Григорий проснулся и не сразу понял, где он. Рядом завывал ветер, скрипела где-то незапертая калитка, – а здесь было тепло, тихо и нестерпимо пахло сеном. Сено… Григорий вспомнил, что он на сеновале, куда пришел с вечера: уйти от всех, от всего…
Он поднялся с сена, отряхнулся и, открыв ставню сеновала, посмотрел кругом… Такая же, как вчера, была ночь, с луной и звездами, только не деревья, не костер, не речка рядом, а дома, дома, дома… Нигде, ни в одном из них, не мигнет огонька, спят уже давным-давно все. Григорий задрал голову, с сеновала это было не очень удобно, и, глядя на звезды, на Млечный путь, спросил: «Ну – что?..» Никто ничего ему не ответил, только собственный вопрос и был ему ответом. Он не стал думать, что было сегодня, а вспомнил вчерашнюю ночь, когда он, сидя около речки, глубоко вдыхая ночные запахи, ощущал счастье и одновременно грусть.

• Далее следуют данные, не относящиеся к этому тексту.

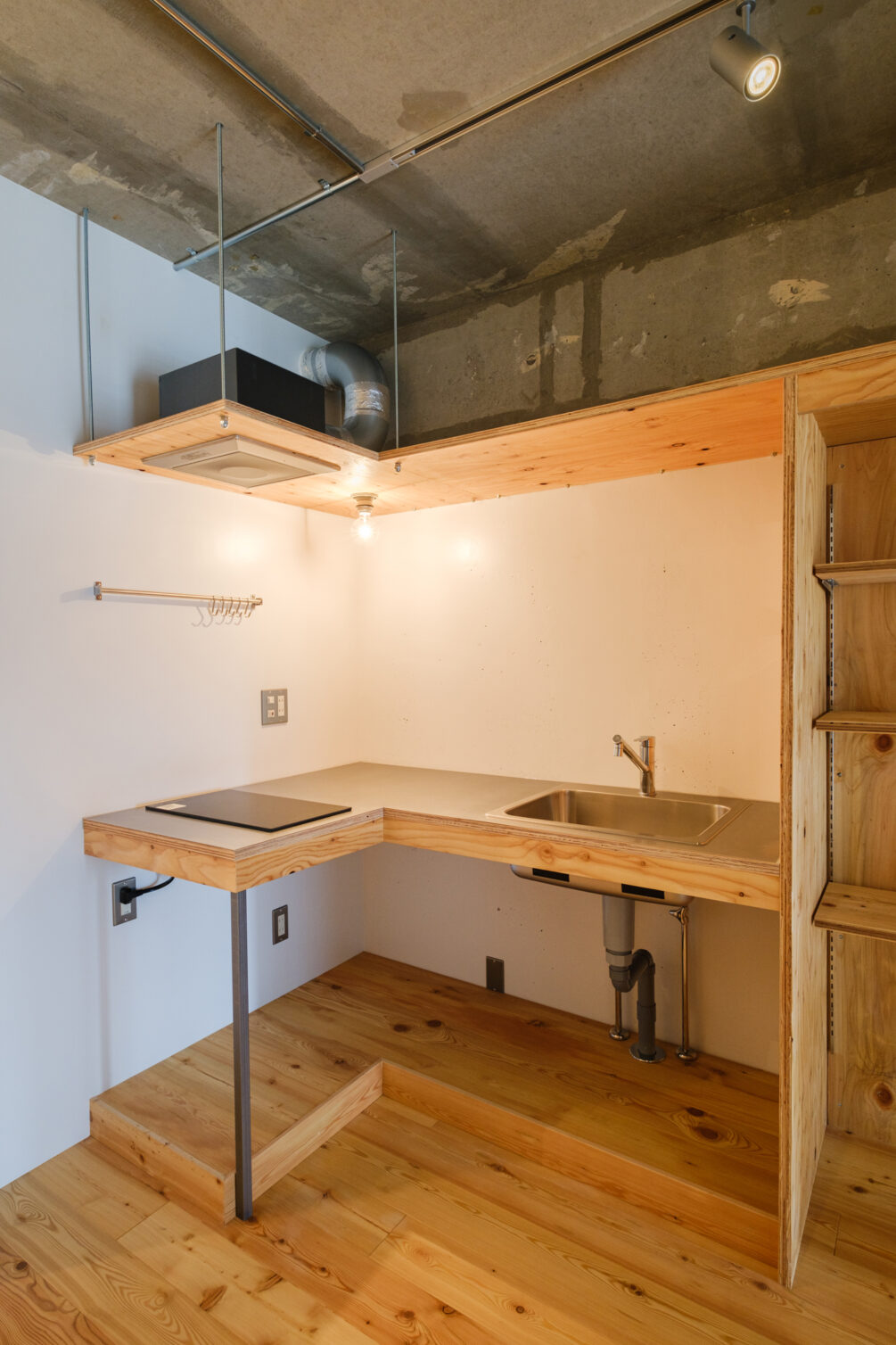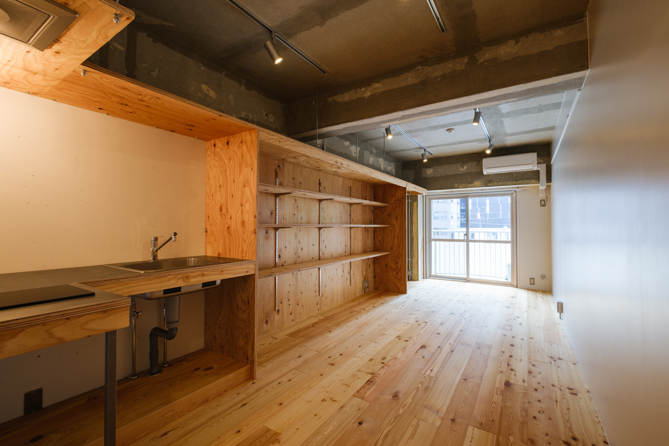 両国と聞くと真っ先に思いつくのは相撲かもしれない。両国国技館や江戸博物館などの施設が点在し、下町らしい雰囲気のある観光スポットとしても人気があり、外国人観光客も多い。両国駅にはJR総武線と大江戸線の2路線が乗り入れており、都内の主要駅に30分以内でアクセスできる便利な立地。また自転車での移動も便利で、上野、浅草、蔵前、錦糸町など15分ほどで行くことができる。そんなエリアにできたのは、カスタムウォールを壁一面に設置したリノベーション賃貸Rough。隅田川を背に玄関を開ければ、広めの土間玄関。シューズラックの他にもラーチ材の棚が設置されており、鏡を置いたり鍵やフレグランスをおくとお出かけ前に便利そうです。居室にはコンパクトながら使いやすいL字キッチン、そのまま壁沿いに3m越えのカスタムウォールが並ぶ。スニーカーや洋服を古着屋みたいに並べるのも、高さを調整してデスク側にもなるマルチな壁。東京の東側、下町両国であなたの生活に馴染む壁との暮らし始めませんか。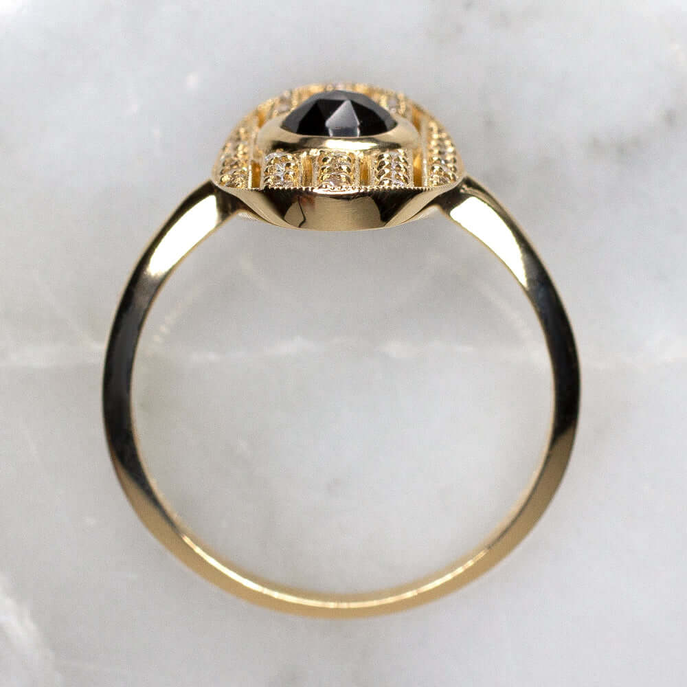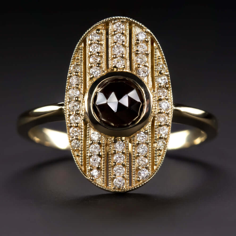 A beautiful combination of vintage and modern design, this ring offers eye catching contrast, rich color, and vibrant sparkle. A round rose cut black spinel is set in a sleek bezel setting surrounded by a stylish oval design sparkling with brilliantly white and vibrant natural diamonds. Finished with fine milgrain details and elegant striped cut-outs, the setting is beautifully crafted in the Art Deco style! The rich warmth of the 14k yellow gold contrasts stunningly with the bright white of the diamonds and the deep black of the spinel. The result is a striking cocktail ring that will bring a unique touch along with timeless glamour to your wardrobe!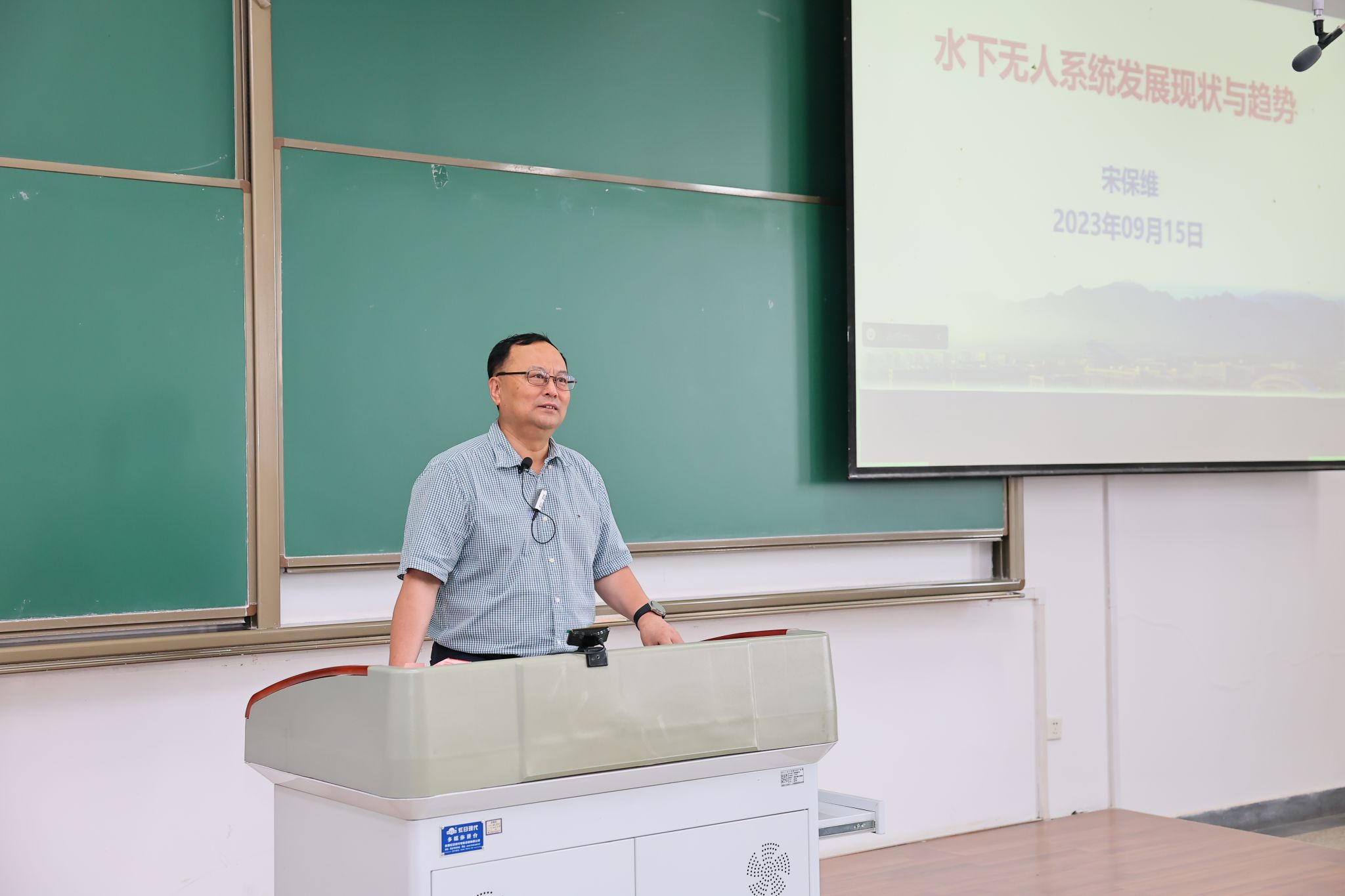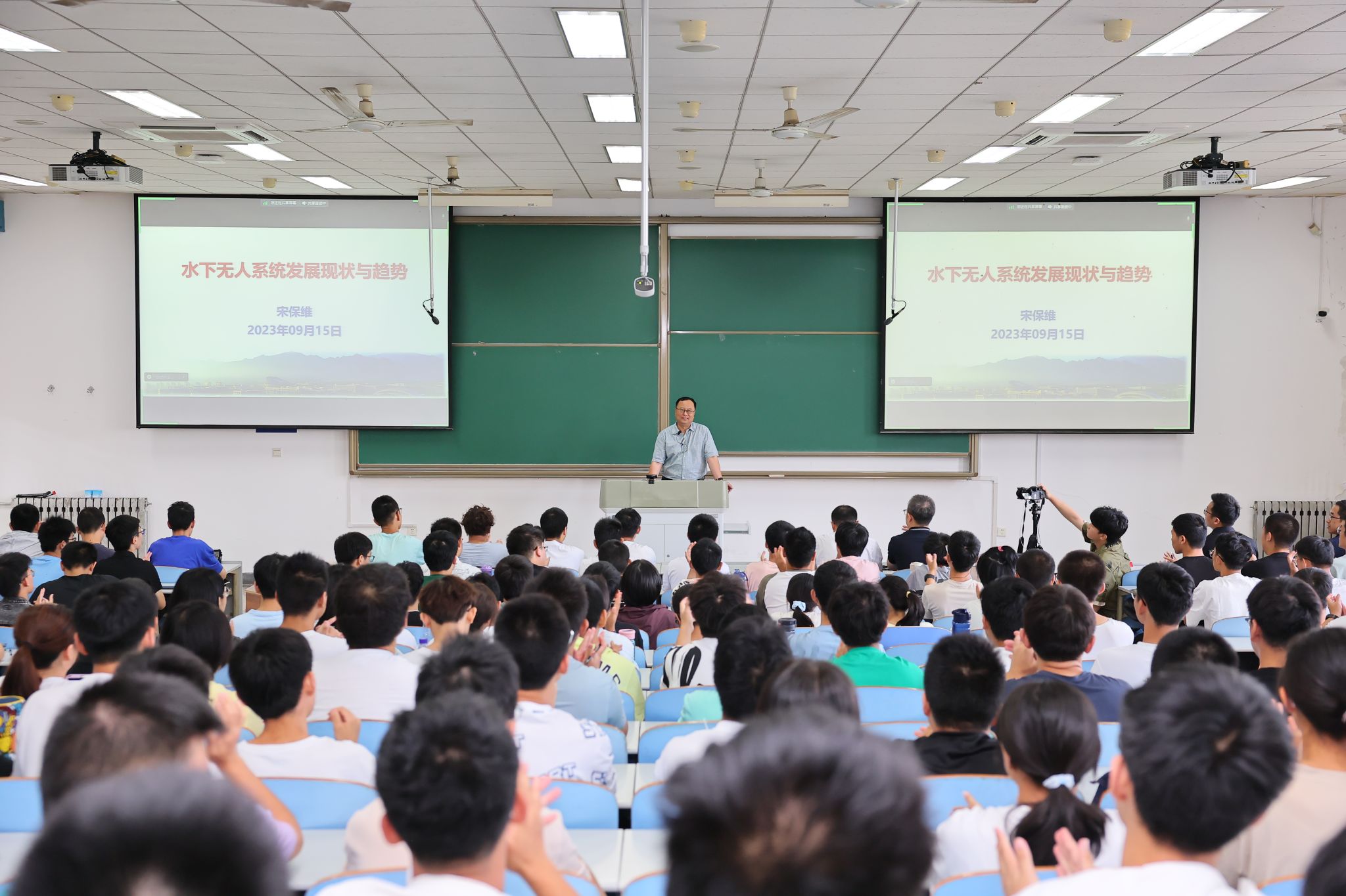 课堂中,宋校长从水下无人系统的定义与作用、水下无人系统的发展现状、水下无人系统的典型应用、自主水下航行器技术发展四个方面展开,全面详实地介绍了水下无人系统状况,为新生学子们带来一场精彩的学术盛宴。

Сегодня было иное, иная ночь, но и счастье, и грусть остались те же, а человек, с которым вчера он хотел бы – с полной радостью – посидеть, поговорить и сказать ему все, этот человек спал нынче рядом, в доме… Но дома ли она? Он не почувствовал в своем вопросе беспокойства, тревоги, а лишь запрятанную, подспудную боязнь – что нет, может, и не дома. Только вряд ли, вряд ли не дома… Он думал об этом совсем недолго – и решил, что к Ивану пойти она никак не могла, потому что…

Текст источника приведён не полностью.